In most of the world investments in sport (football - the one americans call soccer) are made because the CEO who is the main shareholdrer like it.

Especially as in most of the world leagues have relegation, so the money invested can be quickly lost.


Not autistic, cerebral palsy, and died young. I imagine that would shape the way you do everything in life yeah.


There seems to be more focus on accessibility in Microsoft products since Satya took over as CEO. For instance, now there's a section dubbed "Accessibility" in the bottom bar in MS Office.


It's box-ticking accessibility, not truely increasing accessibility. Ask yourself how much of the MS site is usable in a text-only browser, or even one that merely has JS turned off.


Do disabled people usually use text-only browsers or turn off JS? That seems orthogonal to being disabled.


That's why I'm saying it's box-ticking. Simple HTML is more accessible to everyone. That includes those with screenreaders and other content extraction/reformatting tools.


My understanding is all modern screenreaders (NVDA, JAWS, VoiceOver, etc.) handle JS websites perfectly fine and modern accessibility standards in JS are much more than box-ticking.

I'm a fan of simple HTML, too-but I don't believe it has any real impact on accessibility over JS with accessibility in mind.
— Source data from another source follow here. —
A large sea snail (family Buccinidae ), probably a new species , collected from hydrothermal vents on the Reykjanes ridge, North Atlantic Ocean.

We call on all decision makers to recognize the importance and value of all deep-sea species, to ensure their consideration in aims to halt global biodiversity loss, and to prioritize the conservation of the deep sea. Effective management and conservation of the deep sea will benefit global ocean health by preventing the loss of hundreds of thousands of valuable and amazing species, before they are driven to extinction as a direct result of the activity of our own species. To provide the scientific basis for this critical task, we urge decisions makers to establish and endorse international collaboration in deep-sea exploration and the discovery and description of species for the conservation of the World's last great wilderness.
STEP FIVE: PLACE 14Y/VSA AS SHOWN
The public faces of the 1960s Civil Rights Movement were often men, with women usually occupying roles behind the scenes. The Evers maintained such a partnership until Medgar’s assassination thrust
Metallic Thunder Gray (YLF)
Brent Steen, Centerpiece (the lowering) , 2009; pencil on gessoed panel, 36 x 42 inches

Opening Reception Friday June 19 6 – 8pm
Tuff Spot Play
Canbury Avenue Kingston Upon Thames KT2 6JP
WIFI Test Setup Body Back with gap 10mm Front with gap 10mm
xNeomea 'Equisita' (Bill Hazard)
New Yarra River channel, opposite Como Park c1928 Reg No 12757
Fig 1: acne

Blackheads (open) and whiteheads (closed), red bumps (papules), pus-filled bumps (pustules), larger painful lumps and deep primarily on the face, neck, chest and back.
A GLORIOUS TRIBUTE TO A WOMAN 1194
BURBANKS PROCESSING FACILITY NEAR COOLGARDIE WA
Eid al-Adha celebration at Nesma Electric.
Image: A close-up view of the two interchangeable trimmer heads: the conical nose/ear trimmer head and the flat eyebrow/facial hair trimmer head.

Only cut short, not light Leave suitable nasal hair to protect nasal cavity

If there are specific cases where that is not true, I'd love to know them


If you think it's confusing to have a page change while you're reading it with your eyes, imagine what that would do to someone who can't see and relies on a screenreader telling them.


Right, but that’s why you have aria-live regions and politeness levels. All things considered, a simpler page is typically more accessible but:

- a simpler page is typically more usable as well, and

- sometimes you have inherent complexity that it’s also possible to make accessible


JS issues with accessibility is not inherent to the JS compatibility itself with the browser.

It’s much more that JS tends to make your page being modified in unexpected ways. If all you have is a voice reading the page, you may be submerged by information each time the dom changes and you may have a hard time understanding what is the context of the element which changed.


You can still make it perfectly accessible screen-reader-wise/WCAG-wise.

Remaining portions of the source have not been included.